Thanks also to the many doctors, geneticists and pediatricians who forwarded information to participants on behalf of the research team. Their help in conducting this study was invaluable.

What is the study about

The study aimed to document the developmental and behavioral profile of people with MWS – that is, how do people with MWS develop and are there particular behaviors which are associated with MWS? Because no one has studied these issues in the past, the current study sought to explore these issues and document findings, rather than to test a particular theory.

What did the study involve

Participants in the study were 71 people with MWS and their parents, family members, and carers. The people with MWS ranged in age from 15 months to 50 years.
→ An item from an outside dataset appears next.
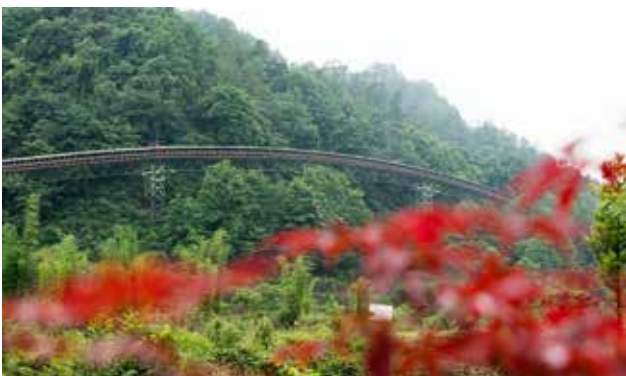
Whenever technically possible, the routing of the conveyor has been adapted to the topography.

Using BEUMER calculation programs, a team of experts precisely calculates the static and dynamic tractive forces of the belt during the development phase of the system. This is the prerequisite for the safe dimensioning of the curves. BEUMER engineers select the type of drive technology and conveyor belts needed on the basis of these calculations. This ensures longevity of the entire system.

The study was conducted in three stages. Firstly, parents or carers of people with MWS completed a set of questionnaires about the person with MWS. These questionnaires asked about demographic information (such as age and gender), medical conditions associated with MWS, developmental milestones such as sitting up or walking, as well as a behavioral checklist, and a questionnaire about the person’s temperament. Five open-ended questions were included where parents or carers could give extra information. The questionnaires were translated into French, German, Italian and Japanese, and the behavior checklist was already available in 20 languages. A total of 71 sets of questionnaires were returned.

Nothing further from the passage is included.